Robert Downey Jr. Tells David Letterman There Is No Plan for Iron Man 4

Robert Downey Jr
Robert Downey Jr spoke about the future of Iron Man. Dave J Hogan/Getty Images

The end of an era! After three movies released and billions of dollars grossed at the international box office, the Iron Man franchise is a wrap.

"There's no plans for an Iron Man 4," the movies' star Robert Downey Jr. told David Letterman on the Late Show on Tuesday, Oct. 7. "[It's a] valid question [why not]. Like, it hasn't made enough money or something? Yeah, I guess they have too much money, or something."

Letterman, 67, expressed his dismay over the end of the franchise, continuing to question Downey Jr., 49, about his future as the superhero. 

"There's no script for Iron Man 4," the actor maintained. "They do have a plan and I think they're gonna announce it. You know, they're very secretive about it. Marvel… There will be other stuff… just between us, no [more Iron Man]. But I'm gonna do other stuff with Marvel. I'm still going to be involved with Marvel and there's gonna be plenty of fun stuff to happen."

Downey Jr.'s denial of Iron Man 4 aired just hours after he confirmed plans for the movie on The Ellen DeGeneres Show. After first hedging the future of the franchise and his character, when pushed by DeGeneres, he conceded that "okay, yes," there would be another movie. 

While the future of the Iron Man movies may be uncertain, the character will live on as Downey Jr. will continue his turn as Tony Stark in next year's Avengers: Age of Ultron. The action star's ongoing success as the armored hero has made him the highest-paid actor in Hollywood, with paychecks in the multimillions.

Downey Jr. told Letterman that he partially has his father, Robert Downey Sr., to thank for his career. 

"I called him up, I said 'Dad, I need five bucks, I'll come over and grab it,'" Downey Jr. told Letterman of his filmmaker and actor father. "He goes, 'Nah, get a job.' I said, 'No, no, dad, you don't understand, I gotta get a piece of pizza, I need a subway thing…' He goes, 'Call one of your friends, it's time for you to grow up.'"

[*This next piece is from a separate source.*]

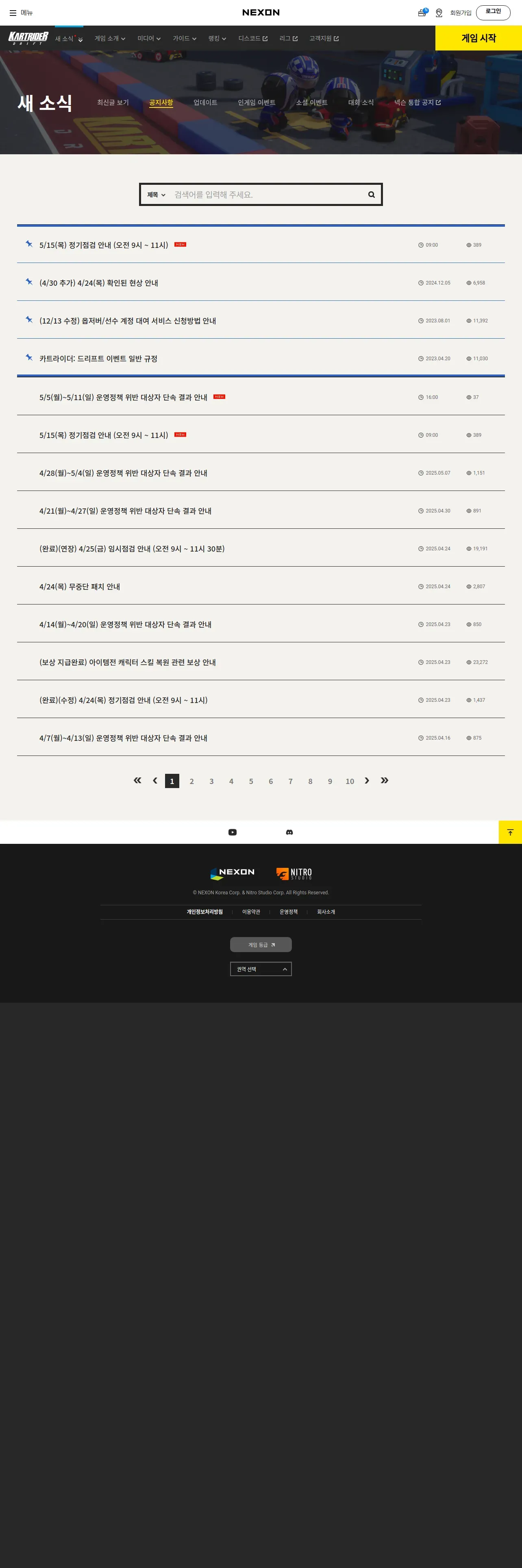 https://kartdrift.nexon.com:443/kartdrift/ko/news/announcement/list

The Oscar-nominated actor quickly got a job to support himself — though it didn't last long. "I had to hustle, I wound up getting a job at a shoe shop… I was fired after a week… there were some shoes missing from the inventory."

"There really needs to come a moment when you realize that gravy train is over," the star added. "You gotta go make something of yourself."